Extracellular Vesicles in the Development of Neurodegenerative Conditions
A broad discussion of extracellular vesicles is really a broad discussion of cell communication, as much of the traffic of molecules between cells is carried inside vesicles. Researchers here discuss what is known of the roles played by vesicle-mediated communication in neurodegenerative conditions, still a very broad topic. One of the noteworthy contributions is that this traffic of vesicles enables the spread of prion-like altered and misfolded proteins, such as tau and α-synuclein, that are capable of seeding the generation of more such harmful molecules in the destination cell. Whether there are ways to selectively prevent this process of spread and seeding remains an open question; it seems a daunting prospect, since every part of the vesicle communication infrastructure performs useful functions.
Many neurodegenerative disorders are characterized by the abnormal aggregation of misfolded proteins that form amyloid deposits which possess prion-like behavior such as self-replication, intercellular transmission, and consequent induction of native forms of the same protein in surrounding cells. The distribution of the accumulated proteins and their correlated toxicity seem to be involved in the progression of nervous system degeneration. Molecular chaperones are known to maintain proteostasis, contribute to protein refolding to protect their function, and eliminate fatally misfolded proteins, prohibiting harmful effects. However, chaperone network efficiency declines during aging, prompting the onset and the development of neurological disorders.
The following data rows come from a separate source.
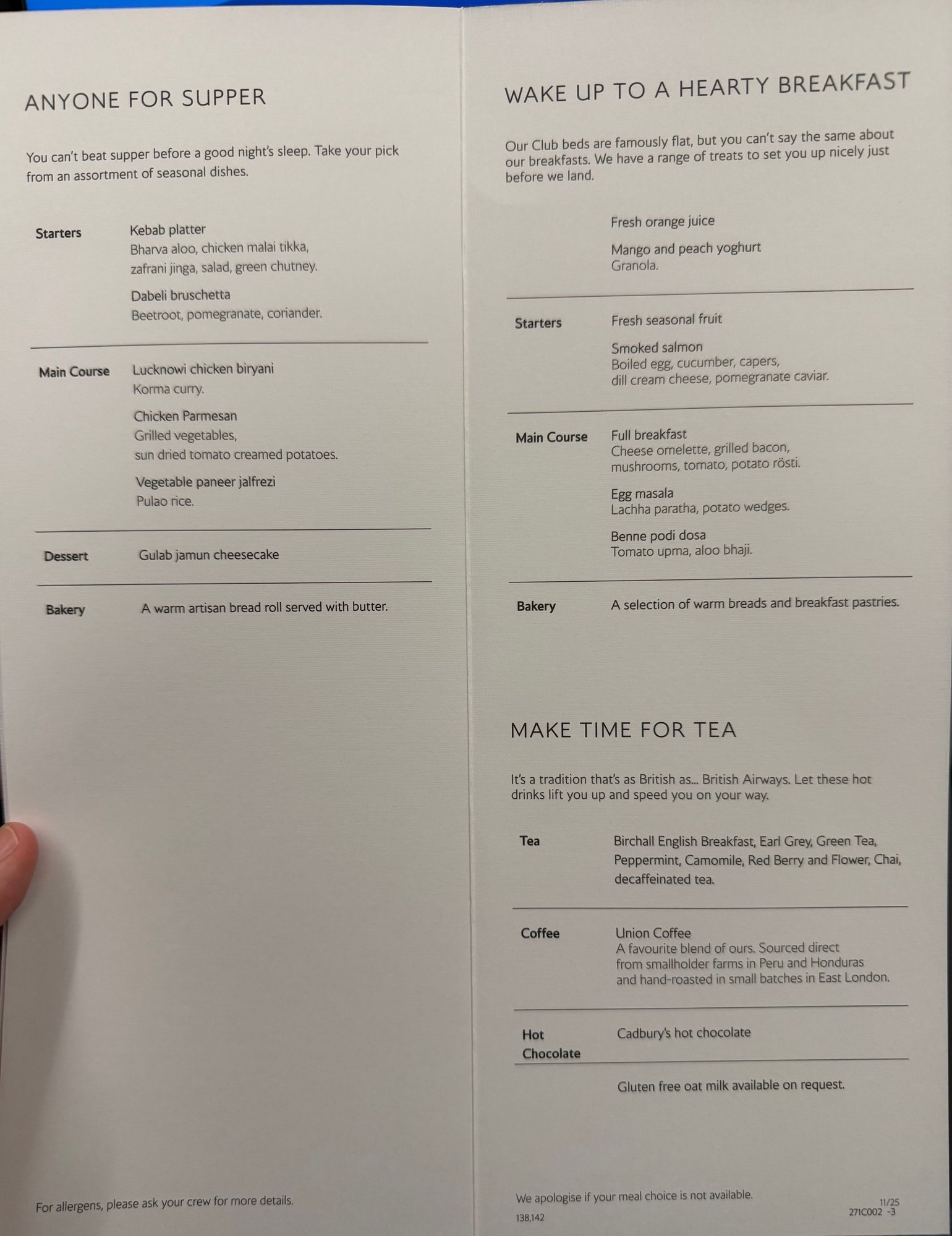 Current menu for both BA138 (BOM>LHR) and BA142 (DEL>LHR).
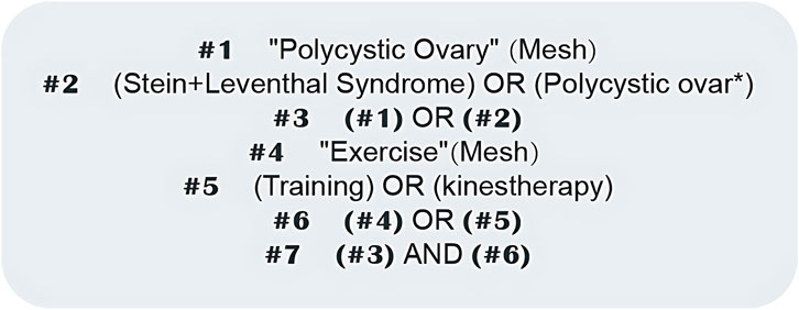 Search terms: The English search terms included “Polycystic ovarian syndrome,” “Polycystic ovary,” “Stein*Leventhal Syndrome,” “Exercise,” “Training,” and “kinesitherapy.” The search was conducted by combining subject and entry words, and the references of the included articles were traced back to supplement the records that were obtained. The Chinese search terms included “polycystic ovary syndrome,” “polycystic ovary,” “polycystic ovary syndrome,” “exercise,” “training,” and “physical therapy.” Boolean logic words were used for the professional searches.
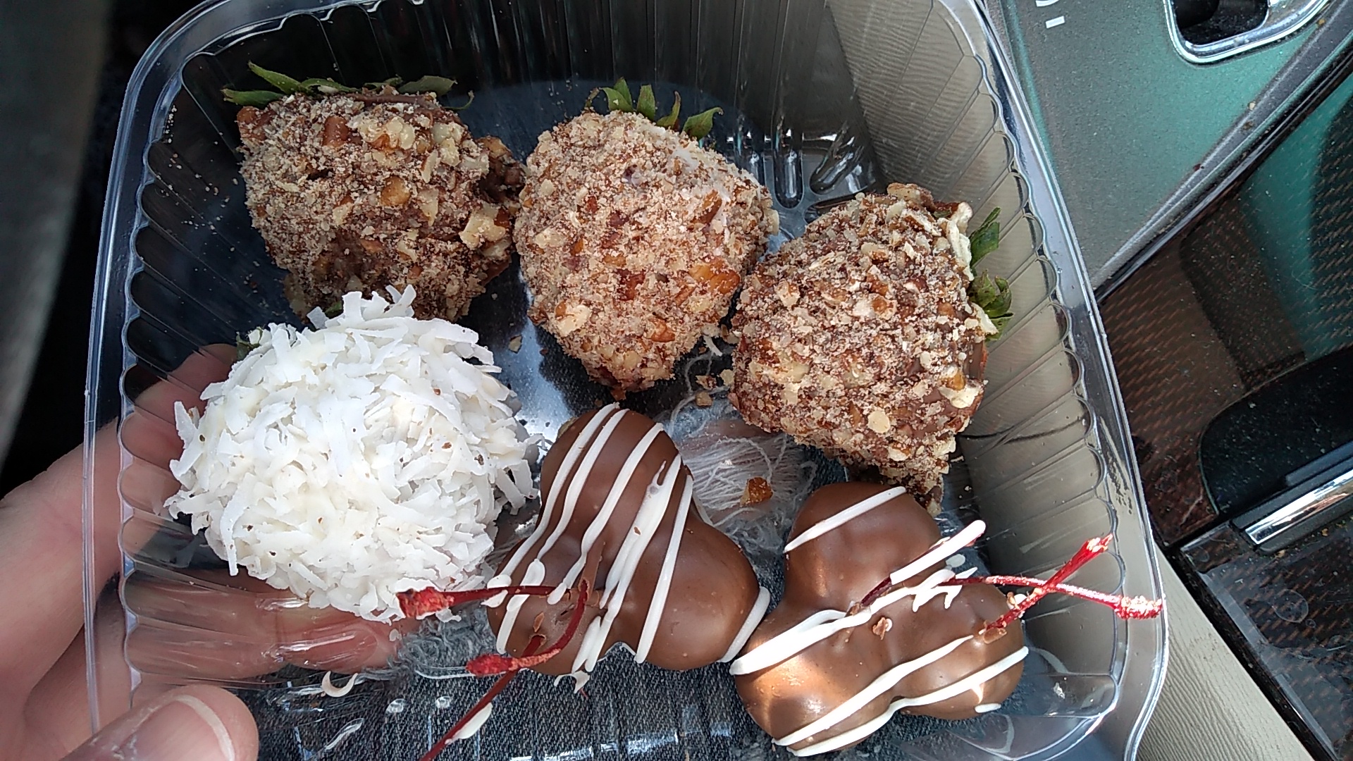 The reason I really like them, they always have the standbys, but almost every time I go, they've thrown a twist on chocolate, today was a chocolate covered pretzel with ground mixed nuts and crushed...
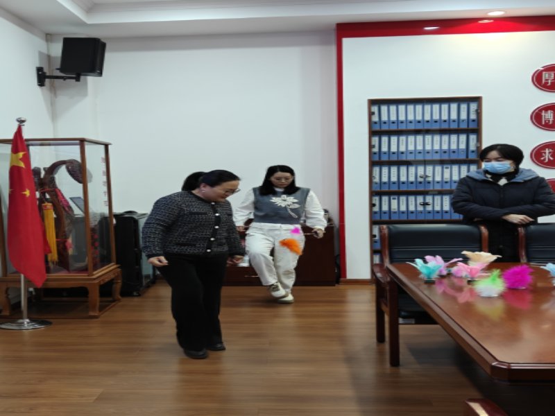 随后,进入“毽舞飞扬”环节中,师生手持花毽,在互动中体验传统体育的乐趣。从静观到动身,从展示到竞技,会议室里充满了欢声笑语。同学们在运动中释放压力,在协作中增进情谊,更在传统体育与非遗艺术的交相辉映中,感受传统文化生生不息的魅力。
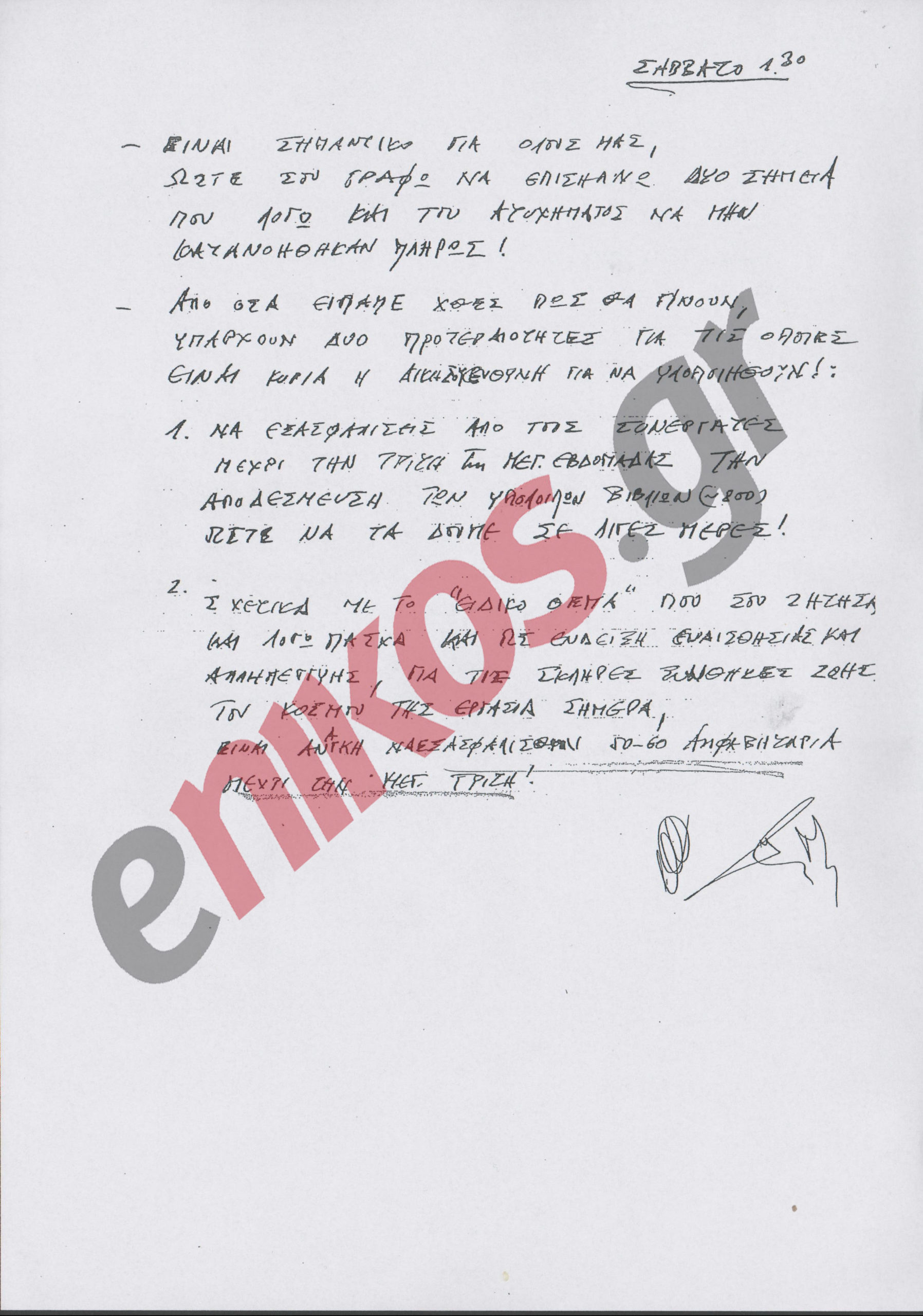 «Σου γράφω να επισημάνω δύο σημεία που λόγω και του ατυχήματος να μην κατανοήθηκαν πλήρως. Από όσα είπαμε χθες πως θα γίνουν υπάρχουν δύο προτεραιότητες για τις οποίες είναι κύρια η δική σου ευθύνη για να υλοποιηθούν»:
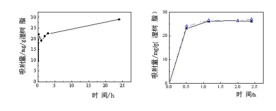 CT-8反相色譜填料樹脂,用于分離胰島素。對蛋白質有良好的吸附、洗脫性能。對牛血清白蛋白(左,1mg/ml,0.1%三氟乙酸水溶液)和胰島素P1(右,35%乙醇的溶液)的靜態吸附動力學曲線(右圖 ?為Source 30樹脂):
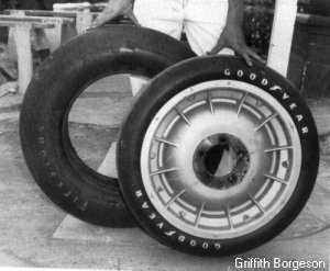 This is how the radical Goodyear tire for the Land Speed Record attempt compared with Firestone's existing high speed tire in 1959.
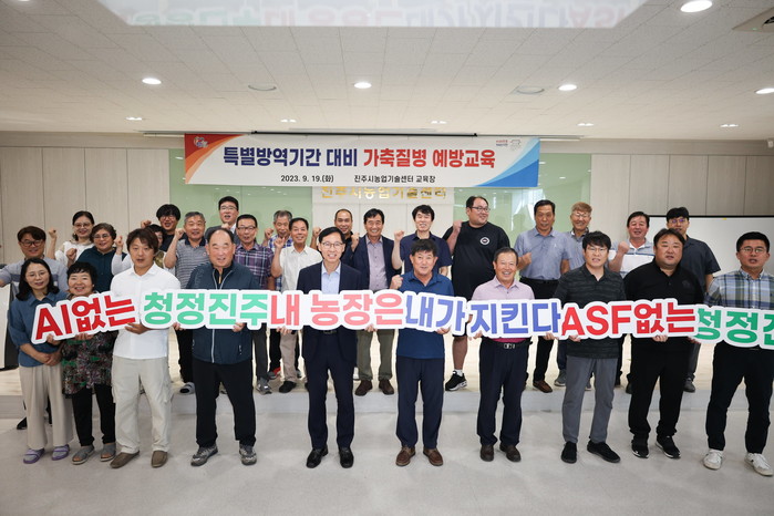 이날 교육에 참가한 농가들은 그 어느 때보다 비상한 각오로 ‘내 농장은 내가 지킨다’는 구호를 외치며 철저한 방역으로 가축전염병을 차단하겠다는 결의를 다졌다.
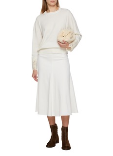 Crafted in pure virgin wool, this Brunello Cucinelli skirt embodies refined simplicity with its fluid flare silhouette. The clean lines and mid-length cut create timeless elegance, while the side zip fastening ensures ease. Perfect for pairing with cashmere knits or tailored blazers.
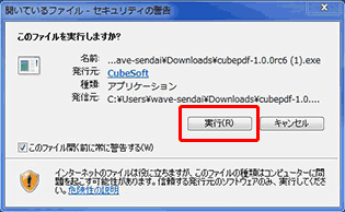 ご利用の環境によっては警告が表示されることがあります。[実行][はい]をクリックして次へお進みください。
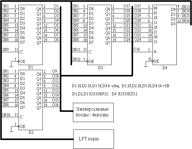 Идея использовать параллельный порт для выдачи и приема цифровых сигналов с ТТЛ уровнями не нова, например в [1] приводится подобная схема. Предлагаемый здесь адаптер отличается простотой, при возможностях достаточных для большого количества применений. К тому же если Вам через какое то время понадобится увеличить количество входов-выходов можно просто собрать такую же схему и подключить ее по приведенной ниже таблице. Хотя если предполагается что выводов одной схемы сразу будет недостаточно лучше использовать более мощный вариант. Схема состоит из трех регистров и одного мультиплексора. Все регистры включены по одинаковой схеме, за исключением третьего, его выходы могут быть переведены в высокоомное состояние, поэтому к нему так же подведен управляющий сигнал разрешения включения выходов ОЕ. Информационные входы всех регистров объединены и подключены к соответствующим выходам параллельного порта компьютера, так как используется ТТЛШ серия, то допустимо нагружать один выход порта на несколько входов микросхем. Для стробирования используются управляющие линии порта, подключенные ко входам С регистров. Для увеличения количества входов используется мультиплексор D4.
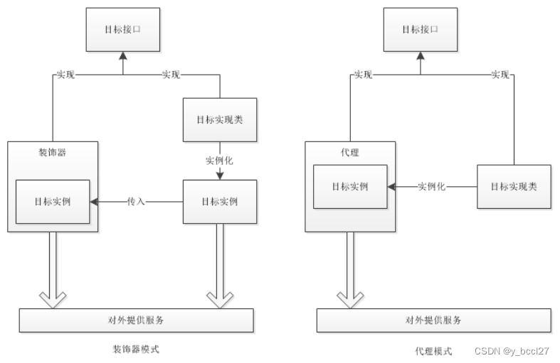 1、代理是全权代理,目标根本不对外,全部由代理类来完成;装饰是增强,是辅助,目标仍然可以自行对外提供服务,装饰器只起增强作用。
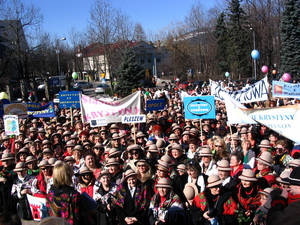 W Polsce mieszka 853 tysiące 723 Krystyn. Wczoraj w Zakopanem swoje imieniny wspólnie świętowało kilkaset z nich. To właśnie pod Tatrami zdecydowały się zorganizować X jubileuszowy Ogólnopolski Zjazd Krystyn. Radosny korowód odzianych w jednakowe kapelusiki i góralskie chusty Krystyn z całej Polski przemaszerował przez centrum Zakopa...

Extracellular vesicles (EVs) are tiny membranous structures produced by a wide range of cells under physiological and pathological conditions, suggesting their significant role in fundamental processes particularly in cellular communication. They modulate the behavior of nearby and distant cells through their biological cargo. In the pathological context, EVs transport disease-causing entities, including prions, α-synuclein, and tau, helping to spread damage to non-affected areas and accelerating the progression of neurodegeneration. However, EVs are considered effective for delivering therapeutic factors to the nervous system, since they are capable of crossing the blood-brain barrier (BBB) and are involved in the transportation of a variety of cellular entities.
Here, we review the neurodegeneration process caused mainly by the inefficiency of chaperone systems as well as EV performance in neuropathies, their potential as diagnostic biomarkers and a promising EV-based therapeutic approach.